Comment 13 Jason Dixon 2004-01-22 19:45:03 UTC
Update.  I've also tried commenting out the cciss_2427 line as Simon
suggested (rather than changing it) on the e35 kernel.  Same kernel panic.

Comment 14 Jason Dixon 2004-01-30 02:55:32 UTC
After being contacted by an HP engineer, I rebuild the initrd without
the cpqarray driver.  The e35 kernel now boots successfully, but no
support for the integrated Smart Array controller (not acceptable).

Comment 15 Jason Dixon 2004-02-18 20:29:22 UTC
What is the status on this?  New builds on the e34-e37 kernel still
fail.   The only method for fixing this is to boot into a working
kernel (e30 or older), comment out any instances of cpqarray and
cciss_24xx, and mkinitrd.  This is NOT acceptable for
automated/kickstart build environments!

Comment 16 Jason Dixon 2004-02-18 20:47:11 UTC
*** Correction ***

This does NOT work on e37 kernels.  Using the same 5300 controller, I
booted into the e30 kernel, edited modules.conf to remove cpqarray and
cciss_2427 support, build new images with mkinitrd, and it boots into
a kernel panic.

[snip]
NET4: Unix domain sockets 1.0/SMP for Linux NET4.0.
request_module[block-major-104]: Root is not mounted
VFS: Cannot open root device "cciss/c0d0p3" or 68:03
Please append a correct "root=" boot option
Kernel panic: VFS: Unable to mount root fs on 68:03
[snip]

Comment 17 Jason Dixon 2004-02-19 16:46:46 UTC
Update:

The e35, e37, and e38 kernels work when all older modules are
commented out, the initrd is rebuilt, and the bootloader is edited to
load the initrd (*blush*).  This still doesn't fix the fact that the
modules.conf is broken post-errata with erroneous entries for
cciss_2425 or cciss_2445.

Comment 18 Jason Dixon 2004-02-19 18:21:59 UTC
The 6402 controller does not work with this driver.  Attempting an
install on the 6402 finishes successfully, but panics on reboot. 
Tried with both update2 and update3.  Both 2.4.45 and 2.4.49 end in
panic.  This is on a DL380 G3 with the following:

Integrated Smart Array 5i
Compaq Smart Array 6400 (v1.32)
HP BIOS P29 10/31/2003 

Thanks,
Jason

Comment 19 Simon Brady 2004-02-20 00:12:35 UTC
> This still doesn't fix the fact that the modules.conf is broken
> post-errata with erroneous entries for cciss_2427 or cciss_2445.

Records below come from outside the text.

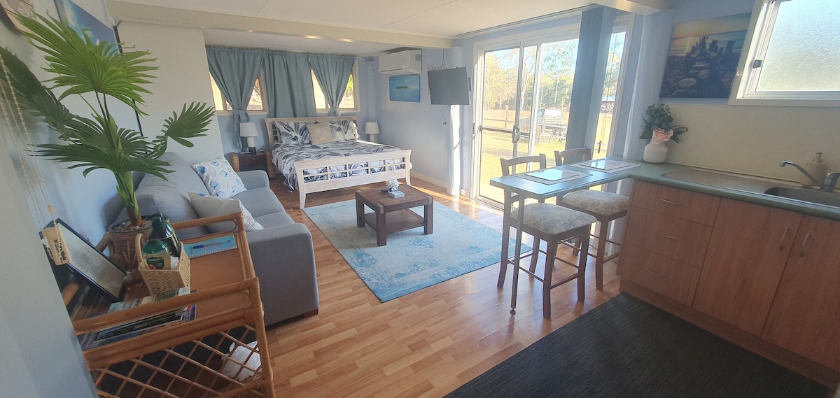 Take it easy at this unique and tranquil getaway. The 1 bedroom unit is on the ground floor of our farm house and easily accessible from main roads with undercover parking. Situated on a rural property only 5-8 minutes to the coastal towns of EMU PARK and YEPPOON beaches, the self-contained unit is cosy and inviting. Sit back on the covered outdoor area with a beverage, overlooking the property and dam, and bask in the serene sounds of the country, beautiful sunsets, farm animals and wildlife.
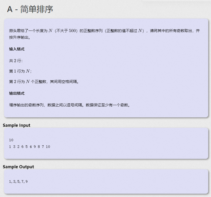 C语言简单排序 题目描述:蒜头君给了一个长度为NN(不大于500500)的正整数序列(正整数的值不超过NN),请将其中的所有奇数取出,并按升序输出。输入格式共2行:第1 行为N;第2行为N个正整数,其间用空格间隔。输出格式增序输出的奇数序列,数据之间以逗号间隔。数据保证至少有一个奇数。输入样例:101 3 2 6 5 4 9 8 7 10输出样例:1,3,5,7,9解题思路:先将所有的数存入数组a,再将其中的奇数存入数组b,最后将数组b排序,升序输出...
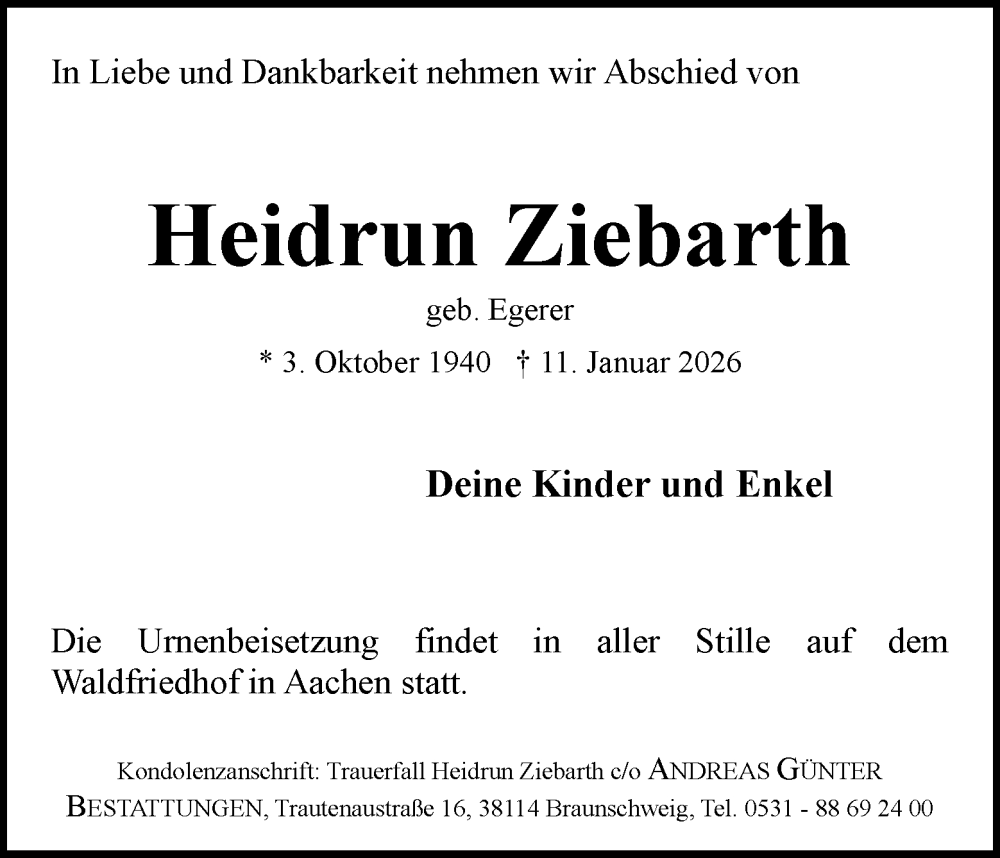 Hier finden Sie alle Traueranzeigen aus der Zeitung, die bisher für Heidrun Ziebarth erschienen sind. Weitere Traueranzeigen, die in der Zeitung erscheinen, werden hier ebenfalls aufgelistet
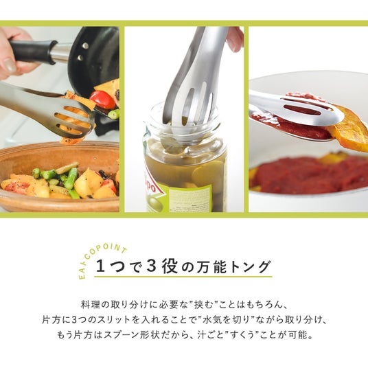 具だくさんのスープやソースの多い料理を取り分けるときに、おたまではスープばかり取れ、普通のトングは具材しか取れず、バランスよく盛り付けられない。そんなお悩みを解決するトングで、お手入れも簡単なアイテムです。
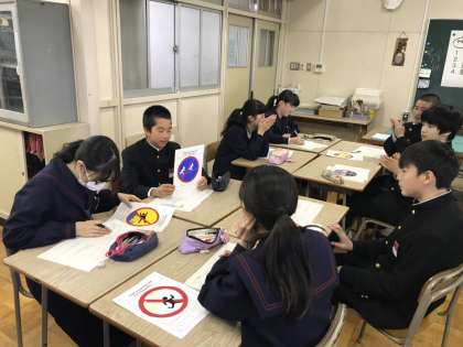 ピクトグラムの作品を、班で発表しました。
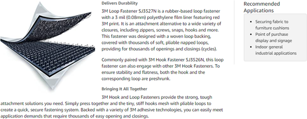 This hook and loop product constitutes a 100 mil to 160 mil engaged thickness and uses a 3.0 mil white polypropylene film liner printed with our red 3M logo. Hook and loop fasteners are effective for securing fabric to furniture cushions, airplane seating, carpet panel attachments, uniforms, gloves and clothing. These types of applications are widely utilized in electronics, construction, specialty vehicle, military, medical, furniture, as well as general industrial operations where securing surfaces that can be unfastened and refastened thousands of times with no bulging rivets, screws or bolts is desired.
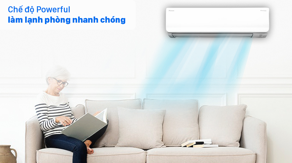 Thay vì phải chờ đợi máy khởi động và làm lạnh lâu gây khó chịu, bạn chỉ cần kích hoạt chế độ Powerful là có thể nhanh chóng tận hưởng những làn gió mát lạnh và sảng khoái nhờ có hệ thống máy nén hoạt động ở công suất cao
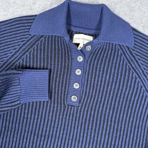 Mara Hoffman Sweater Womens Small Blue Juliana Oversized Ribbed Collar Polo Wool
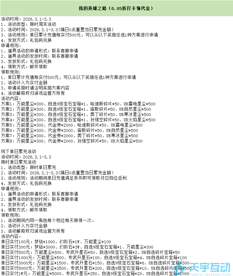 我的英雄之路(0.05折打卡领代金)活动时间:2026.2.6-2026.2.81、活动类型:限时周末活动2、活动时间:2026.2.6-2026.2.8(隔日0点重置当日累充金额)3、活动规则:单日累计充值每实付500元,可以从以下奖励任选1种方案进行申请4、发放方式:礼包码兑换申请规则:1、道具活动的申请形式:联系客服申请2、道具活动的发放时间:联系客服申请3、发放形式:礼包码兑换4、领取方式:邮件领取领取规则:1、单日累计充值每实付500元,可以从以下奖励任选1种方案进行申请2、活动计入为实付金额3、申请奖励时请注明奖励方案内容4、活动解释权归游戏运营方所有活动内容:方案1:万能星尘*300、自选9级宝石宝箱*1、哈迪斯碎片*50、UR雷电星尘*500方案2:万能星尘*300、自选9级宝石宝箱*1、宙斯碎片*50、UR自然星尘*500方案3:万能星尘*300、自选9级宝石宝箱*1、奥丁碎片*50、UR寒冰星尘*500方案4:万能星尘*300、自选9级宝石宝箱*1、孙悟空碎片*50、UR火焰星尘*500方案5:万能星尘*300、代金券*2000、哈迪斯碎片*50、UR雷电星尘*500方案6:万能星尘*300、代金券*2000、宙斯碎片*50、UR自然星尘*500方案7:万能星尘*300、代金券*2000、奥丁碎片*50、UR寒冰星尘*500方案8:万能星尘*300、代金券*2000、孙悟空碎片*50、UR火焰星尘*500线下单日累充活动活动时间:2026.2.6-2026.2.8限时单日累充活动1、活动类型:限时单日累充2、活动时间:2026.2.6-2026.2.8(隔日0点重置当日累充金额)3、活动规则:活动期间单日充值满足条件即可领取对应档位返利4、发放方式:礼包码兑换申请规则:1、道具活动的申请形式:联系客服申请2、道具活动的发放时间:联系客服申请3、发放形式:礼包码兑换4、领取方式:邮件领取领取规则:1、活动期间内同一角色每个档位每天限领一次。2、活动计入为实付金额3、活动解释权归游戏运营方所有活动内容:单日实付100元:梦钻*1000、幻阶石*1W、万能星尘*100单日实付300元:梦钻*3000、幻阶石*3W、自选9级宝石宝箱*1、万能星尘*300单日实付500元:万能星尘*300、专武升星石*50、自选9级宝石宝箱*2、UR自选碎片宝箱*50单日实付1000元:万能星尘*500、专武升星石*100、自选9级宝石宝箱*4、UR自选碎片宝箱*100单日实付3000元:万能星尘*1500、专武升星石*150、自选9级宝石宝箱*6、UR自选碎片宝箱*300单日实付5000元:万能星尘*2500、专武升星石*200、自选9级宝石宝箱*10、UR自选碎片宝箱*500单日实付1W元:万能星尘*5000、专武升星石*250、自选9级宝石宝箱*20、UR自选碎片宝箱*1000
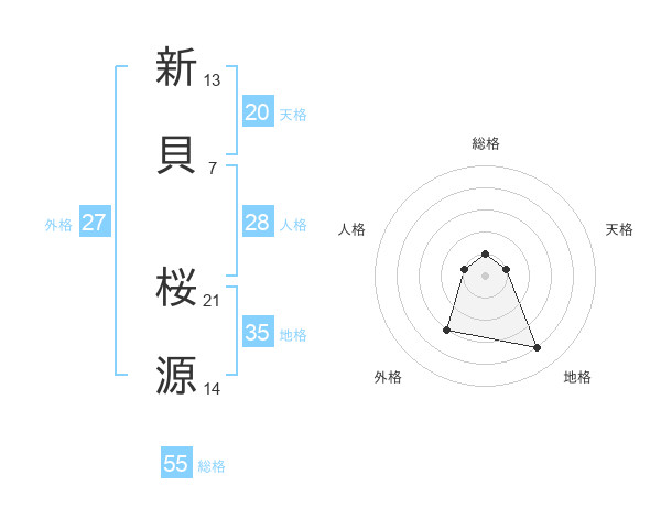 新貝 桜源さんの地格は35画の4点!
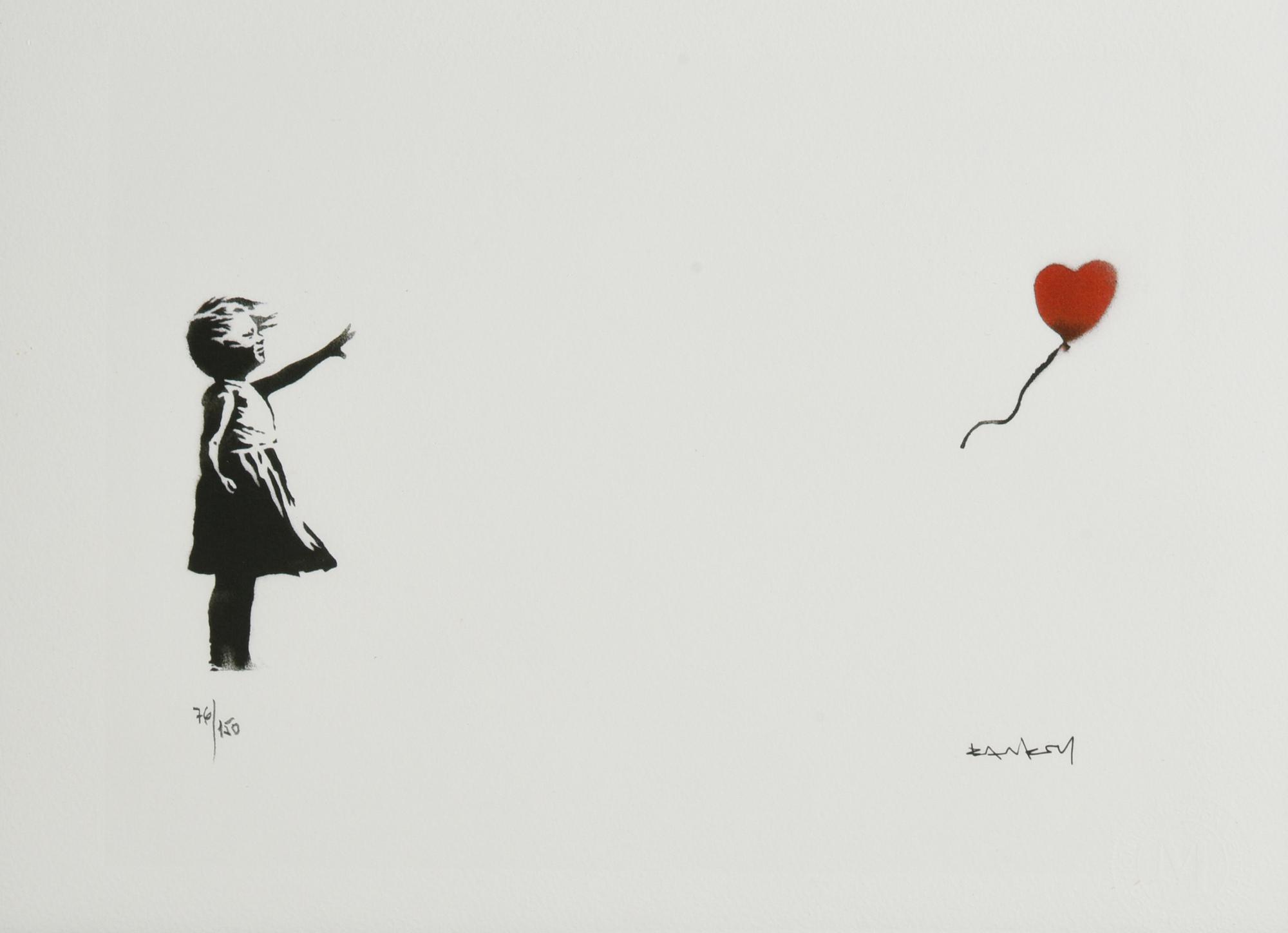 Da Banksy GIRL WITH BALLOON eliografia su carta, cm 28,5x38; es. 76/150 firma...
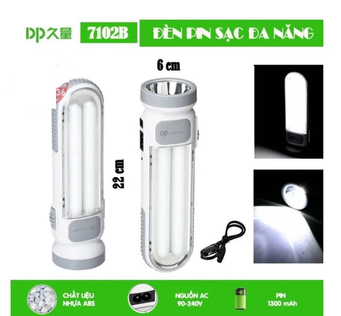 - Đèn pin sạc LED thông minh 3 chế độ DP 7102B sử dụng đèn LED công nghệ mới để chiếu sáng, cho chất lượng ánh sáng tốt, sáng đều, không nhấp nháy.
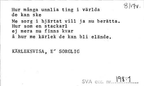 //// Hur mänga unnlxa ting i varlda de kan ske //// Me sorg i hjärtat vill ja nu berätta. Hur som en stackarl ej mera nu finns kvar å hur me kärlek de kan bli elände. //// KÄRLEKSVISA, E' SORGLIG //// SVA ccc. ////
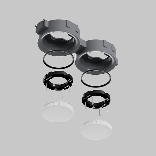 Предназначен для установки в натяжной ПВХ потолок. Состоит из основания, термокольца и цоколя GX53. Основание и цоколь выполнены из термостойкого и ударопрочного АВС пластика. Монтаж производится методом втяжки. Конструкция светильника позволяет легко стыковать между собой несколько оснований, благодаря чему можно создавать комбинации из нескольких светильников.
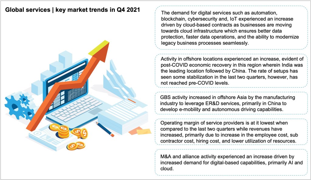 The Market Vista report highlights the key trends and developments in the fast-evolving global offshoring and outsourcing market. The study captures the key developments across outsourcing transaction trends, health of GBS centers, location risks and opportunities, and service provider developments.
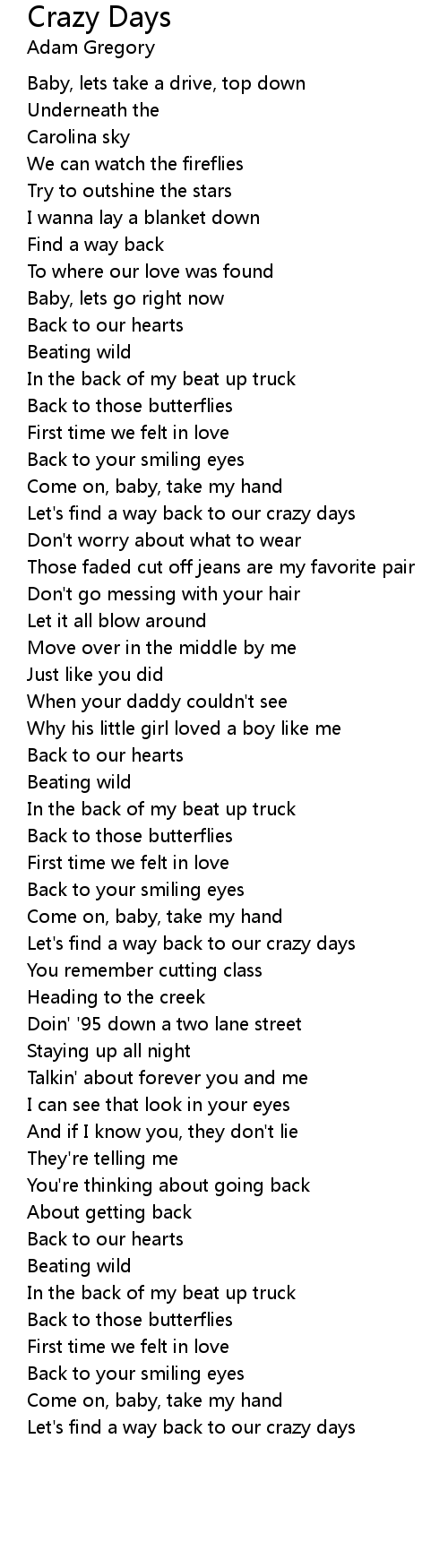 Let's find a way back to our crazy days |
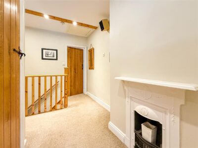 Cast iron fireplace, smooth plastered ceiling with down lighting, linen/airing cupboard.
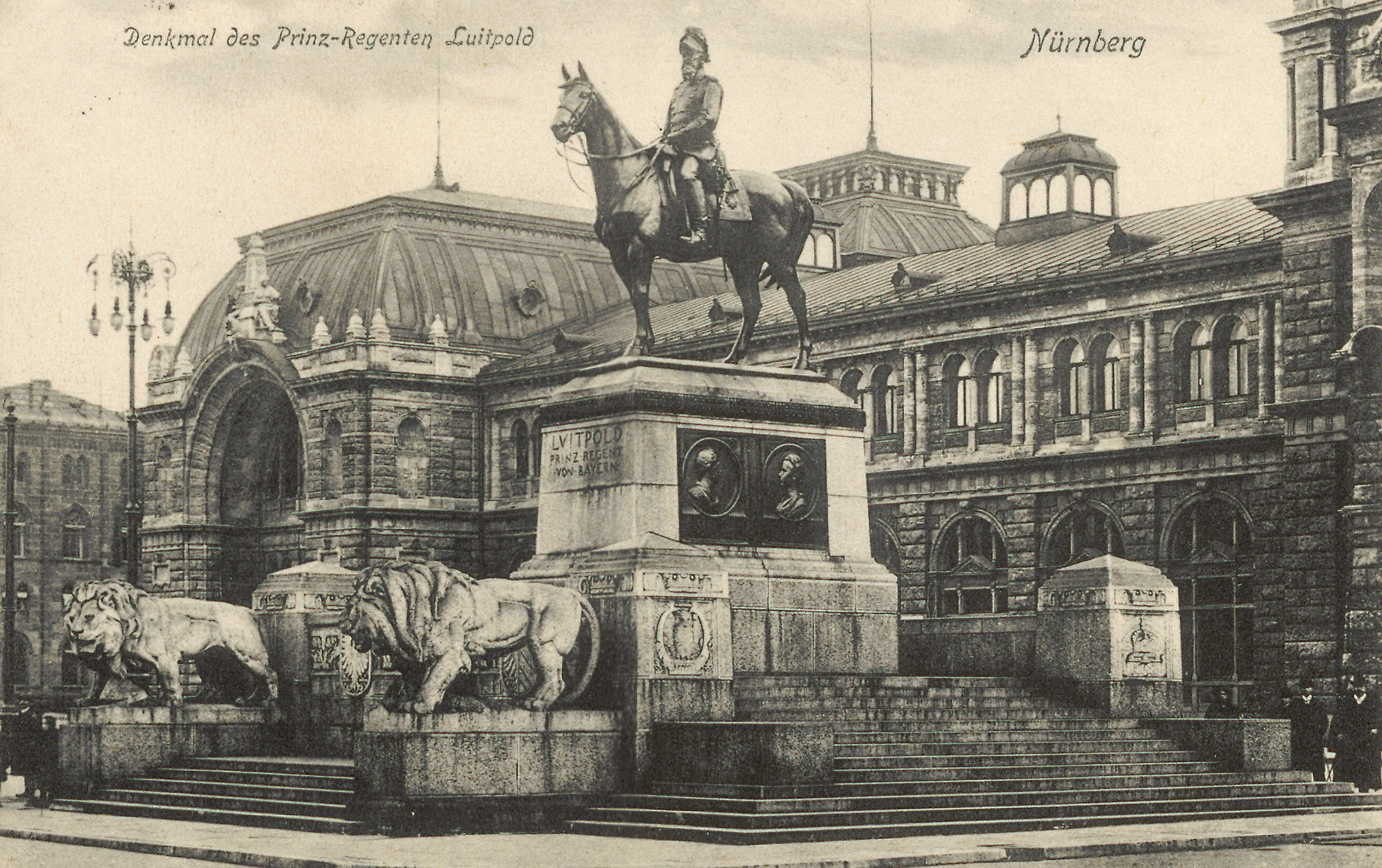 Auf dem Vorplatz des neuen Hauptbahnhofs wird am 12. März 1901 das Prinzregent-Luitpold-Denkmal anlässlich des 80. Geburtstag von Prinzregent Luitpold (1886–1912) enthüllt. Das Reiterstandbild wurde durch den Bildhauer Wilhelm von Rümann (1850–1906) geschaffen und bei Ferdinand von Miller (1842–1929) in München gegossen. Den Sockel errichtete der aus Nürnberg stammende Architekt Paul Pfann (1860–1919), dort waren Porträtmedaillons der vier bayerischen Könige zu sehen. Das Reiterstandbild wurde 1934 als Verkehrshindernis entfernt und im Krieg eingeschmolzen.
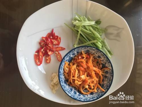 香菜梗切成长段、料椒切丝、大蒜切成蓉。

In fact there are two problems with the cciss_nnnn entries. First, as
noted they stop mkinitrd working during an upgrade. Second, even
without upgrading they can cause the incorrect driver to be loaded in
a system with multiple CCISS devices.

I encountered this on a DL380 G3 with its onboard SA-5i and an added
SA-5304. After installing 2.1 AS Update 2 (e.24 kernel),
/etc/modules.conf had

alias scsi_hostadapter cciss
alias scsi_hostadapter1 cciss_2427
alias scsi_hostadapter2 cciss_2427

scsi_hostadapter2 is outright bogus as discussed, but the entry for
scsi_hostadapter1 would have silently worked - with the old driver.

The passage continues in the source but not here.